## Fraud Tutorial - Dataset Creation

In this notebook, we will create the actual dataset that we will train our model on. In particular, we will:
1. Select the features we want to train our model on.
2. Specify how the features should be preprocessed.
3. Create a dataset split for training and validation data.

In [1]:
import hsfs

conn = hsfs.connection()
fs = conn.get_feature_store()

Connected. Call `.close()` to terminate connection gracefully.


### Feature Selection

We start by selecting all the features we want to include for model training/inference.

In [2]:
# Load feature groups.
trans_fg = fs.get_feature_group("transactions")
trans_4h_aggs_fg = fs.get_feature_group("transactions_4h_aggs")
trans_add_info_fg = fs.get_feature_group("transactions_add_info")

# Select features for training data.
ds_query = trans_fg.select(["category", "amount", "fraud_label"])\
    .join(trans_4h_aggs_fg.select_except(["tid"]), on="tid")\
    .join(trans_add_info_fg.select_except(["tid"]), on="tid")

ds_query.show(5)



Unnamed: 0,fg2.category,fg2.amount,fg2.fraud_label,fg0.trans_volume_mavg,fg0.trans_volume_mstd,fg0.trans_freq,fg0.loc_delta,fg0.loc_delta_mavg,fg1.age_at_transaction,fg1.days_until_card_expires
0,Health/Beauty,50.49,0,50.49,0.0,1.0,0.199013,0.199013,93.52782,1561.665197
1,Restaurant/Cafeteria,1.56,0,6.69,7.254916,2.0,0.201949,0.117487,37.868375,1020.860197
2,Health/Beauty,78.7,0,78.7,0.0,1.0,0.090711,0.090711,18.028501,1024.225127
3,Grocery,77.75,0,77.75,0.0,1.0,0.128094,0.128094,58.379903,1720.178391
4,Grocery,18.76,0,39.72,29.641916,2.0,0.606323,0.394127,35.957443,-336.186377


Recall that we computed the aggregate features in `transactions_4h_aggs` using 4-hour windows. If we wanted to experiment with other window lengths, e.g. 24 hours, we could easily create a separate feature group for that with the same schema as `transactions_4h_aggs` and include that in the join. To prevent feature name clash we would need to include a prefix argument in the join:

```python
    ds_query = ds_query.join(trans_24h_aggs_fg.select_except(["tid"]), on="tid", prefix="24h")
```

This illustrates yet another usage of features groups, namely that they can be used to namespace features. 

### Transformation Functions

We will preprocess our data using *min-max scaling* on numerical features and *one-hot encoding* on categorical features. To do this we simply define a mapping between our features and transformation functions. This ensures that transformation functions such as *min-max scaling* are fitted only on the training data (and not the validation/test data), which ensures that there is no data leakage.

In [None]:
# Load transformation functions.
min_max_scaler = fs.get_transformation_function(name="min_max_scaler")
label_encoder = fs.get_transformation_function(name="label_encoder")

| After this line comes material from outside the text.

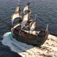 A medieval ship sailing on a vast blue sea. Concept of sea adventures in the Middle ages.

# Map features to transformations.
transformation_functions = {
    "category": label_encoder,
    "amount": min_max_scaler,
    "trans_volume_mavg": min_max_scaler,
    "trans_volume_mstd": min_max_scaler,
    "trans_freq": min_max_scaler,
    "loc_delta": min_max_scaler,
    "loc_delta_mavg": min_max_scaler,
    "age_at_transaction": min_max_scaler,
    "days_until_card_expires": min_max_scaler,
}

#### Dataset Creation

Finally we create the dataset using `fs.create_training_dataset()`.

In [None]:
# TODO add chronological split here.
td = fs.create_training_dataset(
    name="transactions_dataset_splitted",
    label=["fraud_label"],
    data_format="csv",
    transformation_functions=transformation_functions,
    splits={'train': 70, 'validation': 30},
    train_split="train"
)

# We can save the dataset using the query alone.
td.save(ds_query)

We can sanity check that the transformation functions have been applied by loading the training and validation data.

In [3]:
td.read("train")

NameError: name 'td' is not defined

In [None]:
td.read("validation")

### Next Steps

In the next notebook, we will train a model on the dataset we created in this notebook.